*** Opening of INPUT FOR THIS TASK ***

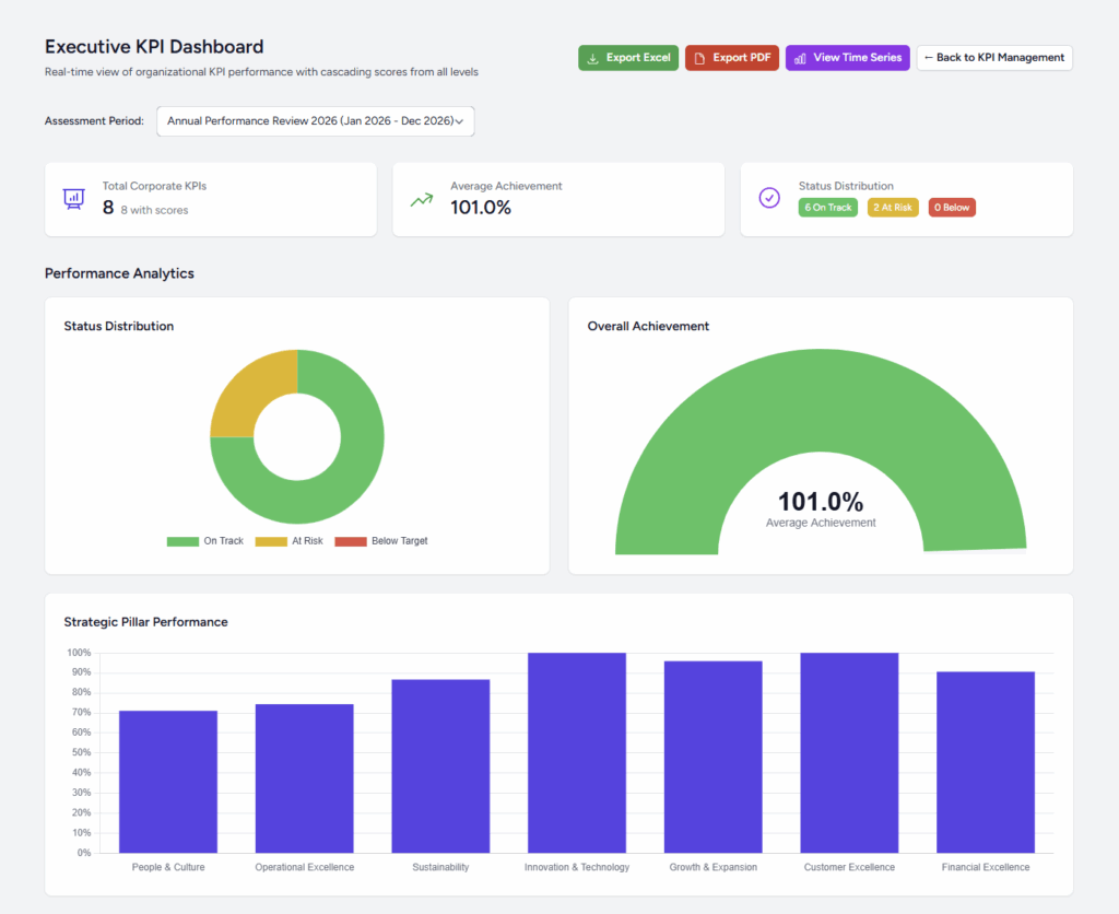- กราฟ Status Distribution (On Track / At Risk / Below Target)
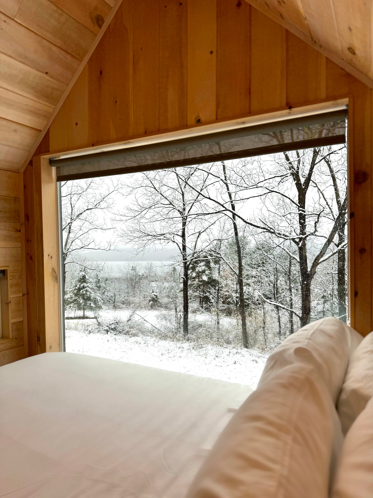 A beautiful slice of nature and unique cabin on 30 acres of land with modern ammenities. Enjoy distant views of hills through huge windows overlooking a swimming pond. It's a retreat for every season, featuring beautiful fall folliage, hiking, cross-country skiing and a lush and picturesque spring and summer. The house features a round kitchen and bedroom with a vaulted ceiling. Enjoy a giant view of the sky, fire pit by the pond, the sound of frogs, meditate, relax, or … work!
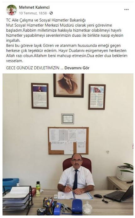 "T.C. Aile Çalışma ve Sosyal Hizmetler Bakanlığı Mut Sosyal Hizmetler Merkezi Müdürü olarak yeni görevime başladım. Rabbim milletimize hakkıyla hizmetkâr olabilmeyi hayırlı hizmetler yapabilmeyi sevenlerimizin duası ile birlikte nasip eylesin inşallah.
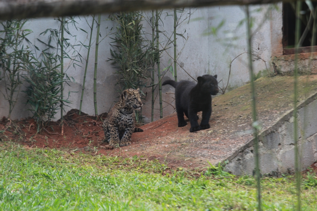 O primeiro a nascer foi o pintado, e cerca de 20 minutos depois nasceu o preto. A gestação das onças dura de 90 a 110 dias. Os irmãos já passaram por avaliações de veterinários e estão adaptados ao zoológico.>
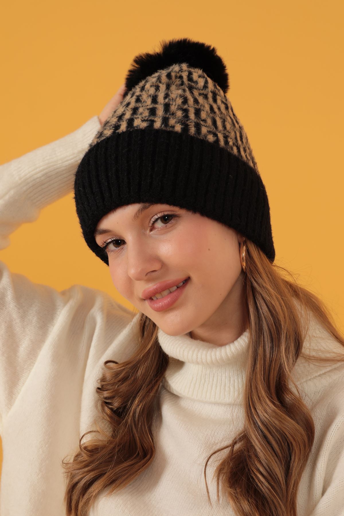 Jakarlı Siyah Triko Bere
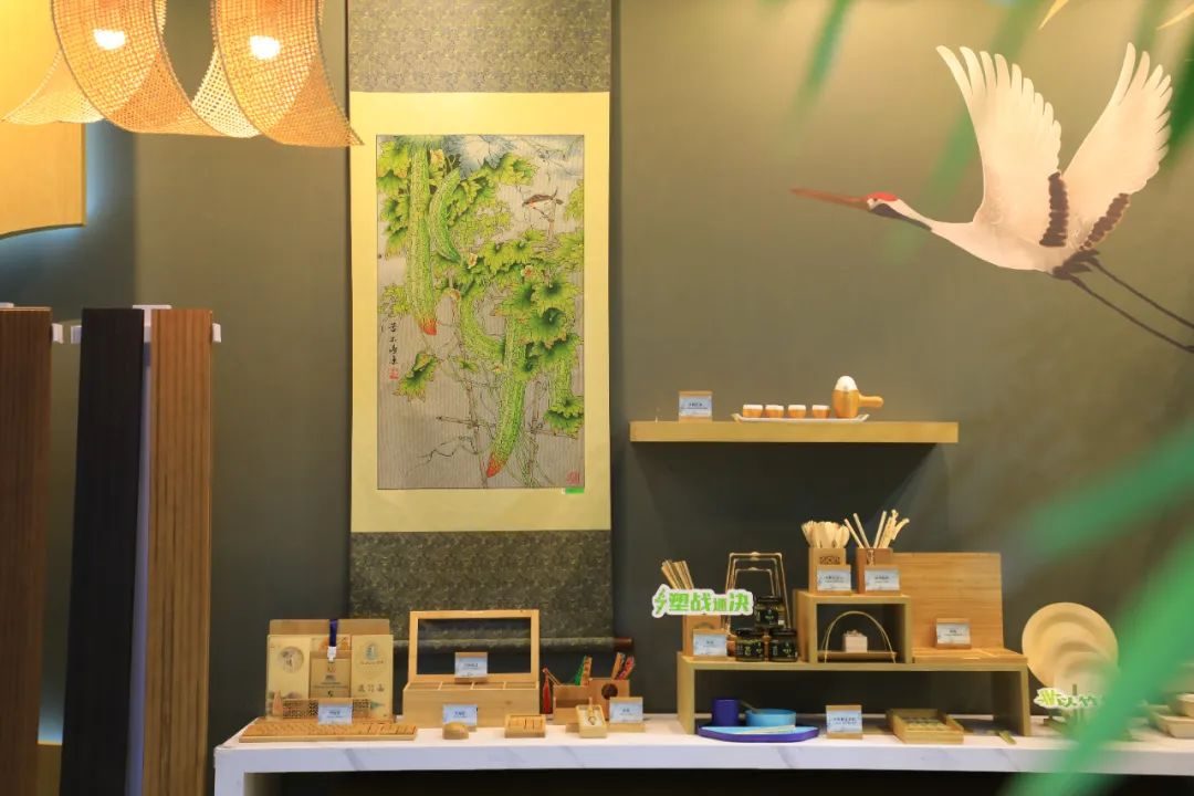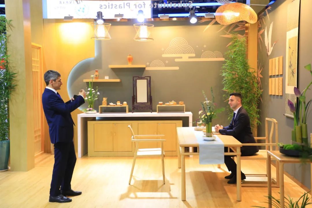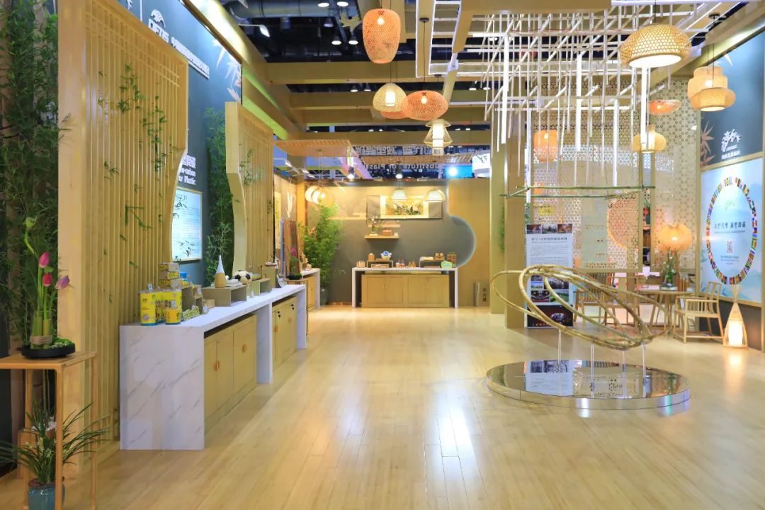 2023年中国国际服务贸易交易会今日开幕,位于北京国家会议中心一层E2-19的国际竹藤组织全竹展厅精彩亮相,丰富多样的创新竹产品受到参会代表和媒体记者的广泛关注。

*** Close of INPUT FOR THIS TASK ***

• [WHAT THE TASK REQUIRES]: Please set down the data above exactly as given, leaving every picture out.

• [REPLY]:
- กราฟ Status Distribution (On Track / At Risk / Below Target)
 A beautiful slice of nature and unique cabin on 30 acres of land with modern ammenities. Enjoy distant views of hills through huge windows overlooking a swimming pond. It's a retreat for every season, featuring beautiful fall folliage, hiking, cross-country skiing and a lush and picturesque spring and summer. The house features a round kitchen and bedroom with a vaulted ceiling. Enjoy a giant view of the sky, fire pit by the pond, the sound of frogs, meditate, relax, or … work!
 "T.C. Aile Çalışma ve Sosyal Hizmetler Bakanlığı Mut Sosyal Hizmetler Merkezi Müdürü olarak yeni görevime başladım. Rabbim milletimize hakkıyla hizmetkâr olabilmeyi hayırlı hizmetler yapabilmeyi sevenlerimizin duası ile birlikte nasip eylesin inşallah.
 O primeiro a nascer foi o pintado, e cerca de 20 minutos depois nasceu o preto. A gestação das onças dura de 90 a 110 dias. Os irmãos já passaram por avaliações de veterinários e estão adaptados ao zoológico.>
 Jakarlı Siyah Triko Bere
 2023年中国国际服务贸易交易会今日开幕,位于北京国家会议中心一层E2-19的国际竹藤组织全竹展厅精彩亮相,丰富多样的创新竹产品受到参会代表和媒体记者的广泛关注。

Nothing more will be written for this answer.